## About this exercise
Give back every record exactly, with its pictures left out.
START Records to use
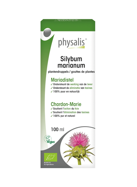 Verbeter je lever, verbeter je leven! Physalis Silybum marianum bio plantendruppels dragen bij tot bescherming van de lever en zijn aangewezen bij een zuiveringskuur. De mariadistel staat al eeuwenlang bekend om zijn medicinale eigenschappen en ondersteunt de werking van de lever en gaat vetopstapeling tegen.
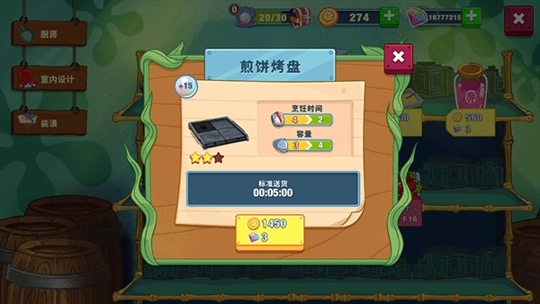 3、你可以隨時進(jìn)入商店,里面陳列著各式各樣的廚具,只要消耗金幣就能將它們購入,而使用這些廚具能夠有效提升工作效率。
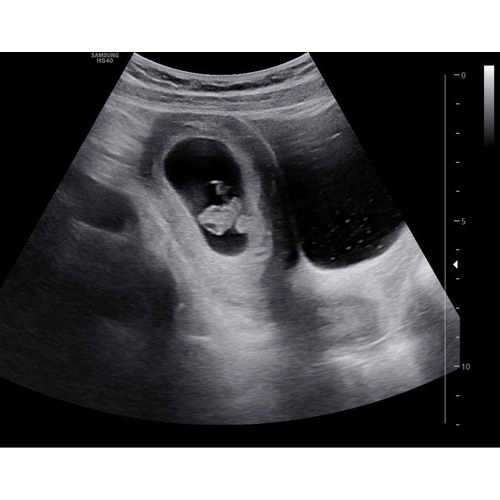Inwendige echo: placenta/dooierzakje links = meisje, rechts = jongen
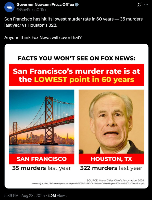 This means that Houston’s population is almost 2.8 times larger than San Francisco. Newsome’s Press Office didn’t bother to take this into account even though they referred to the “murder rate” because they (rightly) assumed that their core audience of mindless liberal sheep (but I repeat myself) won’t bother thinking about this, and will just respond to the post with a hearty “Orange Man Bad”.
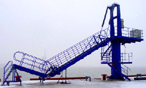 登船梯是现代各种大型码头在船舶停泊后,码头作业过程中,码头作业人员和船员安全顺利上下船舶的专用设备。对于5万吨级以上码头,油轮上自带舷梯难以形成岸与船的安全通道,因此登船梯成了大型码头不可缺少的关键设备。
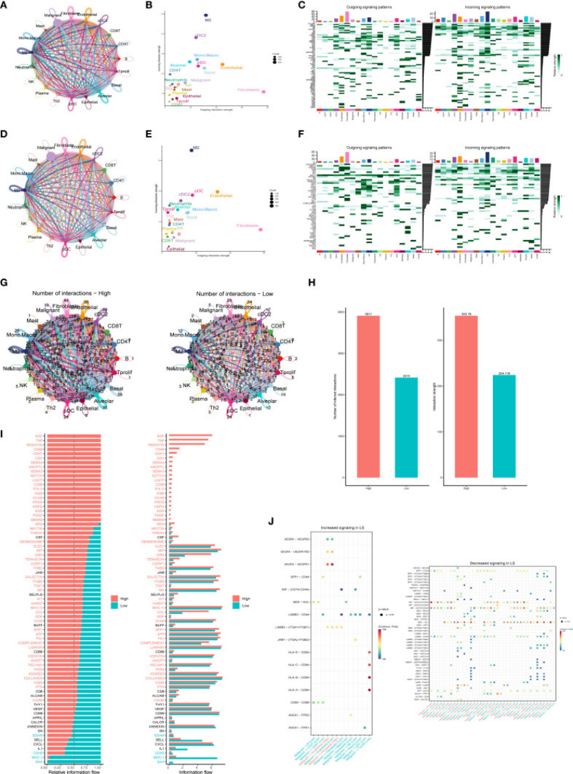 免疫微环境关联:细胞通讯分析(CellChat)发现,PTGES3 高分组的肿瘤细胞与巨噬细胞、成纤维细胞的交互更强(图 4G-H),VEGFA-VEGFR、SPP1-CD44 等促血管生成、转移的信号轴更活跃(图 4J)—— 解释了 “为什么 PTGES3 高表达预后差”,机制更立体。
END Records to use
## Result of this task
 Verbeter je lever, verbeter je leven! Physalis Silybum marianum bio plantendruppels dragen bij tot bescherming van de lever en zijn aangewezen bij een zuiveringskuur. De mariadistel staat al eeuwenlang bekend om zijn medicinale eigenschappen en ondersteunt de werking van de lever en gaat vetopstapeling tegen.
 3、你可以隨時進(jìn)入商店,里面陳列著各式各樣的廚具,只要消耗金幣就能將它們購入,而使用這些廚具能夠有效提升工作效率。
Inwendige echo: placenta/dooierzakje links = meisje, rechts = jongen
 This means that Houston’s population is almost 2.8 times larger than San Francisco. Newsome’s Press Office didn’t bother to take this into account even though they referred to the “murder rate” because they (rightly) assumed that their core audience of mindless liberal sheep (but I repeat myself) won’t bother thinking about this, and will just respond to the post with a hearty “Orange Man Bad”.
 登船梯是现代各种大型码头在船舶停泊后,码头作业过程中,码头作业人员和船员安全顺利上下船舶的专用设备。对于5万吨级以上码头,油轮上自带舷梯难以形成岸与船的安全通道,因此登船梯成了大型码头不可缺少的关键设备。
 免疫微环境关联:细胞通讯分析(CellChat)发现,PTGES3 高分组的肿瘤细胞与巨噬细胞、成纤维细胞的交互更强(图 4G-H),VEGFA-VEGFR、SPP1-CD44 等促血管生成、转移的信号轴更活跃(图 4J)—— 解释了 “为什么 PTGES3 高表达预后差”,机制更立体。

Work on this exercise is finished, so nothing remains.